[Start of section]

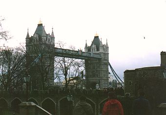 タワーブリッジ。テムズ川にかかる数多くの橋の中でも、最も有名な橋。 |
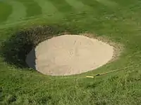 | バンカー。グリーンやフェアウェイの近くにある窪地で、ふつうは砂に満たされています。 |
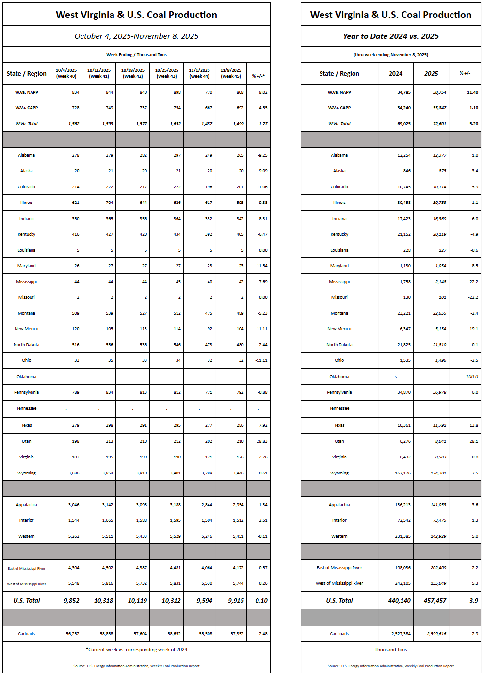 - The Weekly Production / Consumption Report: Week 45 (Nov.8) has been posted.
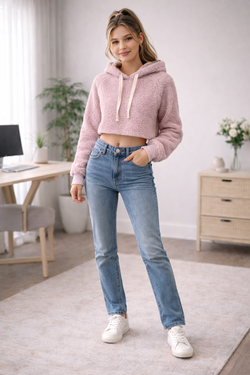 Derek Heart Cropped Pink Sherpa Hoodie – Cozy Teen Casual Size M$18Bellflower, CA
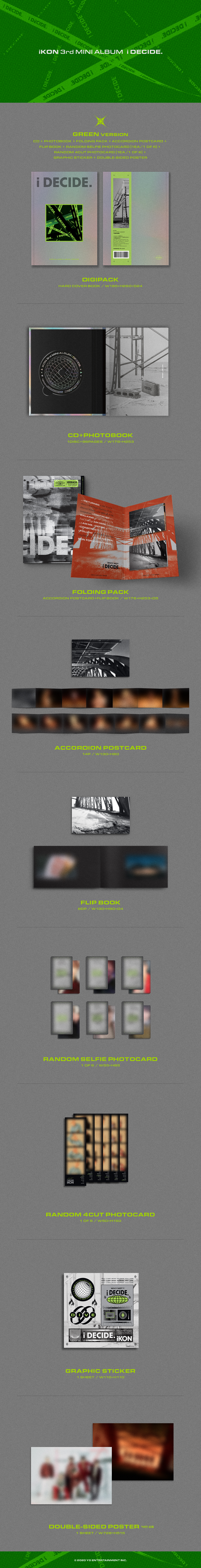 iKON 3rd MINI ALBUM [i DECIDE]는, 버전별 이미지가 상이한 [RED Ver.], [GREEN Ver.] 총 2종으로 발매되며 오는 1월 30일부터 예약판매를 시작하여 2월 7일 YG셀렉트를 비롯 전국 온/오프라인 음반 매장에서 만나볼 수 있다.
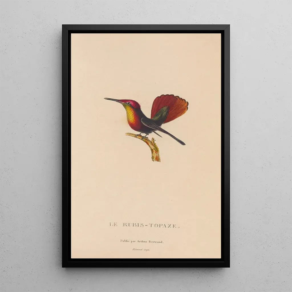 The art print of the painting Histoire naturelle des oiseaux-mouches Pl53 is an ideal addition to any interior decoration. Whether in a workspace, living room, or bedroom, this canvas brings a touch of nature and color. Its printing quality ensures perfect fidelity to the details and colors of the original work, allowing full appreciation of the beauty of these birds. By choosing this art print, you opt for a decorative piece that not only enhances your interior but also evokes the richness and diversity of nature.
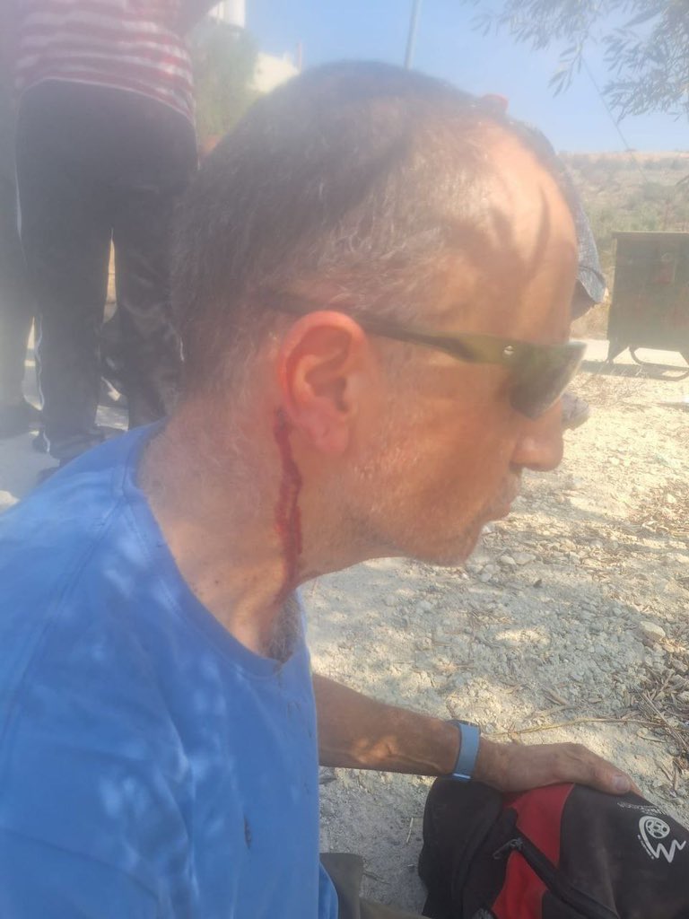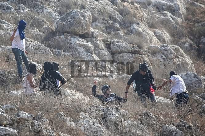 International activists and journalists were severely injured after the settlers attacked the olive harvesters and activist protected them on Qamas mountain in the town of Beita, south of Nablus in the West Bank. The assault targeted both Palestinians and those standing with them defending their land from ongoing colonial settlement expansion.
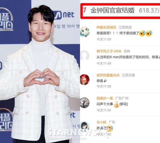 가수 김종국의 결혼 소식이 한국을 넘어 중국에서도 폭발적인 관심을 얻고 있다.

[End of section]

"iKON 3rd MINI" marks the last line to keep. Retype every line from the start of the entries through that one, exactly, and drop the pictures.

 タワーブリッジ。テムズ川にかかる数多くの橋の中でも、最も有名な橋。 |
 | バンカー。グリーンやフェアウェイの近くにある窪地で、ふつうは砂に満たされています。 |
 - The Weekly Production / Consumption Report: Week 45 (Nov.8) has been posted.
 Derek Heart Cropped Pink Sherpa Hoodie – Cozy Teen Casual Size M$18Bellflower, CA
 iKON 3rd MINI ALBUM [i DECIDE]는, 버전별 이미지가 상이한 [RED Ver.], [GREEN Ver.] 총 2종으로 발매되며 오는 1월 30일부터 예약판매를 시작하여 2월 7일 YG셀렉트를 비롯 전국 온/오프라인 음반 매장에서 만나볼 수 있다.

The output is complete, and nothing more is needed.